IAP Assignment 3: Notes

Brief

Choose a community that you are already part of and create a photographic response to how this group informs who you are as a person.

Introduction

My initial ideas for Assignment 3, which although not fully formed, had to change when lockdown occurred in March. It quickly became obvious that some form of remote image capture would be needed as nobody had access to people as subjects.

Alternative ideas

My initial idea regarding remote image capture was, whilst taking part in a WhatsApp video call, to use the other person’s phone camera to show their location thereby enabling me to capture selected images. In other words, I would effectively use their camera as a means of capturing images. But I couldn’t think how to portray a group that sufficiently represented a personal community.

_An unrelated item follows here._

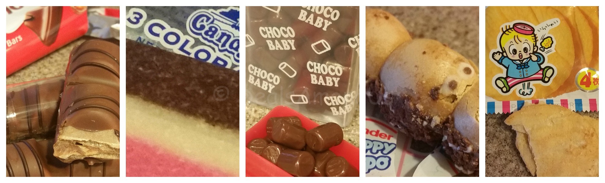 From Left to Right I received the Kinder Bueno which was a chocolate covered wafer with a smooth with a milky hazelnut filling which was very tasty and Jason and I devoured it. A Candy Farm 3 color Coconut Neapolitan candy bar which was a chewy gummy texture and was a coconut with each flavor of chocolate, vanilla and strawberry. Mejii Choco Baby’s which were little pellet of solid chocolate, Kinder “Happy Hippo” Cocoa Cream Biscuit’s which had a nice crunch and tasted of cocoa and a chip that resembled a fried french fries with a garlic and ginger flavor.

My family then organised a zoom conference call to celebrate my brother-in-law’s birthday. This seemed like the perfect opportunity. In fact, it was decided to theme the evening meeting as a birthday quiz. the participants, all family members, were based in Portsmouth, Fareham, London, Oxford, Salisbury, and Southampton. The age range on the call spanned almost 85 years.

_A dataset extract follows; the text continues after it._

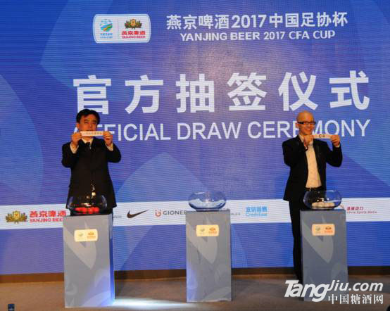 新春伊始,燕京啤酒2017足协杯抽签仪式于2月9日下午15时在北京昆仑饭店正式举行,并由央视网络平台进行直播,64支球队抽签纷纷落位。中国足协职业联赛理事会执行局局长马成全,中国足协执委、新闻委员会主任汪大昭,中央电视台主持人张斌、足球名将孙继海以及北京燕京啤酒集团公司副总经理谢广军等出席此次抽签仪式。今年也是燕京啤酒连续第4年赞助足协杯赛事,旨在支持和推动中国足球以及中国体育事业的发展,在提高“运动全民化、足球水平专业化”的同时,助推中国足球的早日腾飞。

How do these images reflect on myself?

The most obvious way these images reflect me is the importance I attach to the idea of family. These ultra long-term relationships will have offered so many of us the stability we needed during the period of lockdown. The inclusivity, support and consistent shared values inform how we operate within the family context.

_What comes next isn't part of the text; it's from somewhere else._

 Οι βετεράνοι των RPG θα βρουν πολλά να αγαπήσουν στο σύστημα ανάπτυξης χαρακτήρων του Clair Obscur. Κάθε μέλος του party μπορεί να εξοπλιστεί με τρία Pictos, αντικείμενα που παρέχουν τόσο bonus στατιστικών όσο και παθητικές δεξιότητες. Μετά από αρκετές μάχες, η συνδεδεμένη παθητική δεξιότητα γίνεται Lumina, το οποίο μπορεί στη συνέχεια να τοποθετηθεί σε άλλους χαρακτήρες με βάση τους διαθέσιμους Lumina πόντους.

On a more fundamental level, the photographs signify that I am a down-to-earth, friendly, caring type of person albeit that I and the rest of my family are independent and self-sufficient. Despite our family closeness, we are nevertheless a competitive bunch. Hence the birthday quiz!

The human geographer, Yi-Fu Tuan notes that modern men and women are not rooted like ‘old-time farmers’. He suggests that mobility and individualism are features of modern times. This is obviously true for me and my family as we have set up homes throughout southern England. But as Tuan notes:

A feature of modern life is the range of technical means that link us instantly to distant parts of the world. We can always be elsewhere (1)

Although each of us were physically in our homes during the quiz, using modern technology we were, from a mental viewpoint, back together in our temporary Zoom abode.

A final interesting thought from Yi-Fu Tuan

In a fascinating University of California lecture given by Tuan in 2011 called ‘Home as Elsewhere’, Tuan offers this thought – so very prescient given our recent lockdown experience:

As for human relations, home is customarily remembered as a cove of mental support and comfort, forgetting that it can also be a prison in which feelings that stew in a confined space turn into hatred and despair (1).